More than $900K Recovered in Ohio Health Care Claim Reviews in 2009

January 11, 2011

Ohioans saved more than $900,000 in 2009 from health care claim denial appeals, the Ohio Department of Insurance announced.

The department produces an annual report on results under the Ohio Patient Protection Act. Since the enactment of the Act in 1999, 3,974 cases have been reviewed by the department or Independent Review Organizations (IROs), recovering more than $9.9 million in previously denied health care services for Ohio consumers.

The Act provides Ohioans with the opportunity to request an independent, external review for denial, reduction, or termination by their health insurer of certain health care services. Based on the reason for denial, the Act requires health insurers to provide for an external review by an accredited IRO or allow an affected consumer to request a contractual review by the Ohio Department of Insurance.

Health plan members, or a health care provider on behalf of the plan member, may request IRO review of health care services exceeding $500 where the denial is based on medical necessity or a determination that the service is experimental or investigative. All appeals must first go through a health insurer’s internal appeal process.

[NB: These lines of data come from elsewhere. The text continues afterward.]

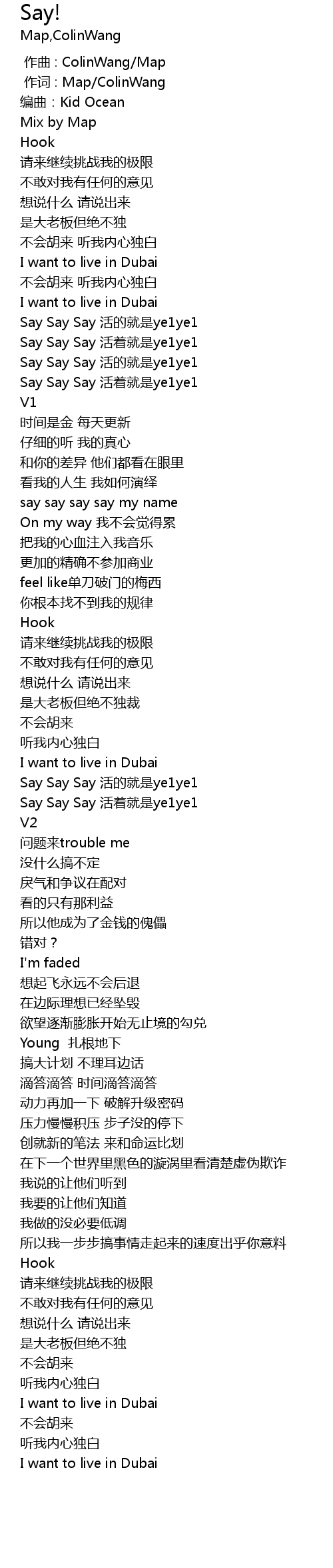 | [00:53.67] | Say Say Say huó zhe jiù shì ye1ye1 |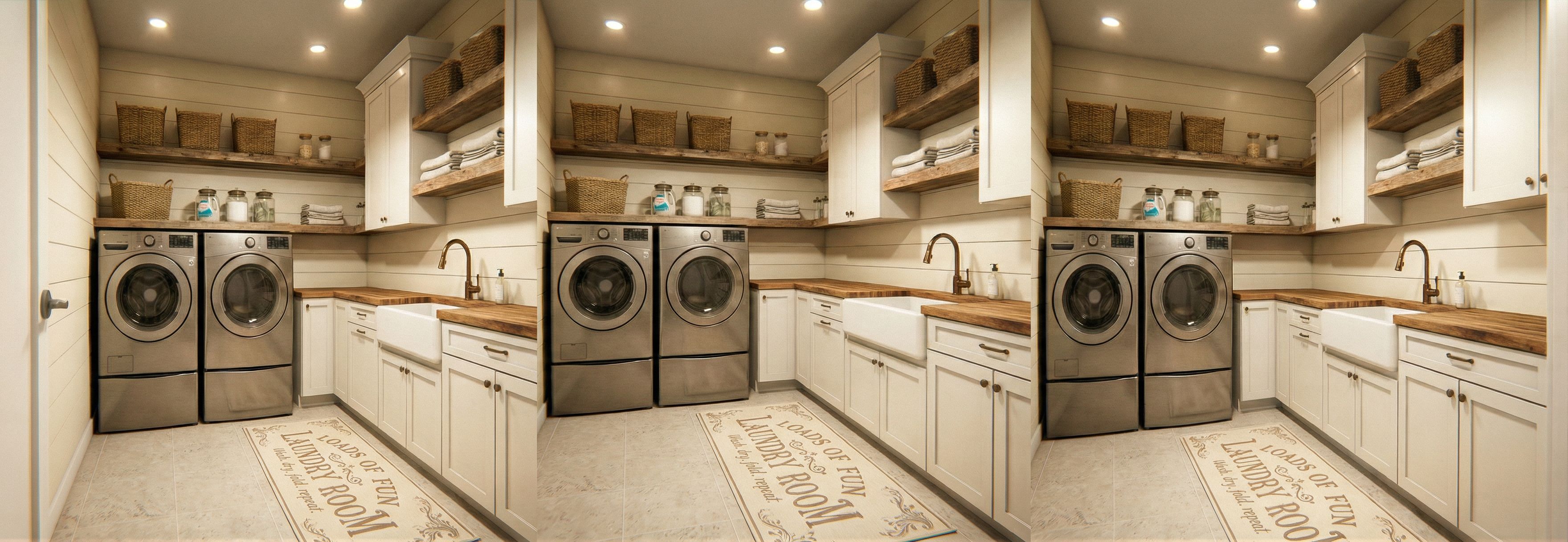 Replace pendant light fixture with ceiling can light fixture, replace rug with rug per Reference Image 1, change the color of the new rug to light brown to match the room, keep the rest exactly the same, keep exact camera angle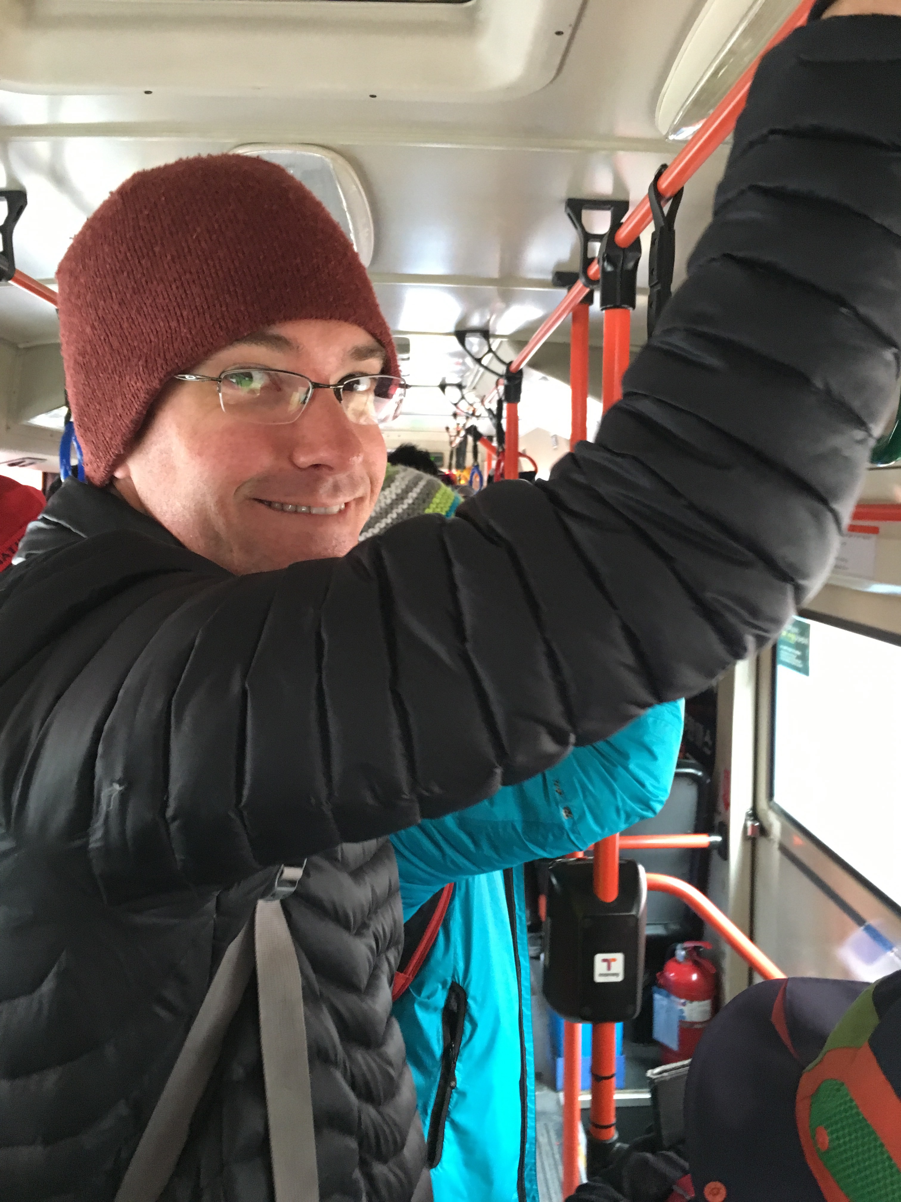 I should have been paying more attention because I think a number of those waiting for the bus were talking about my choose in shoes. Actually I didn’t have any other options, I packed my nice pair for our meetings, and brought my old trail running shoes. Clint also just had on tennis shoes. And if there had been no ice I think we would have done great.

In 2009, 155 cases, involving benefit determinations of more than $2.2 million were submitted for IRO review. Of those cases, 38 percent were reversed by the IRO saving Ohio consumers more than $895,000.

The highest proportion of reviews were for surgery, oncology, psychiatry and chiropractic. A total of 139 cases were submitted to the department for contractual review, with 25 of those cases resulting in reversals savings Ohioans more than $31,000. A total of $26,497 was paid based on cases referred by the department for IRO review. The top reason for contractual review was for dental services.

Decisions by the IRO in favor of the consumer are binding on the insurer, while consumers retain the right to file private lawsuits even if the IRO decision is not in their favor. Consumers do not bear the cost of an external or contractual review. Under the statute, the review must be completed in 30 days, and expedited reviews involving serious health issues must be completed within seven days.

The Ohio Department of Insurance has created an on-line toolkit on its web site at http://insurance.ohio.gov/Consumer/Pages/IROInfo.aspx to help consumers and medical providers understand the health coverage claim denial appeal process and to make an external appeal after their insurer’s internal appeal process has been exhausted.

The Ohio Patient Protection Act report is available on the Department’s Web site at www.insurance.ohio.gov.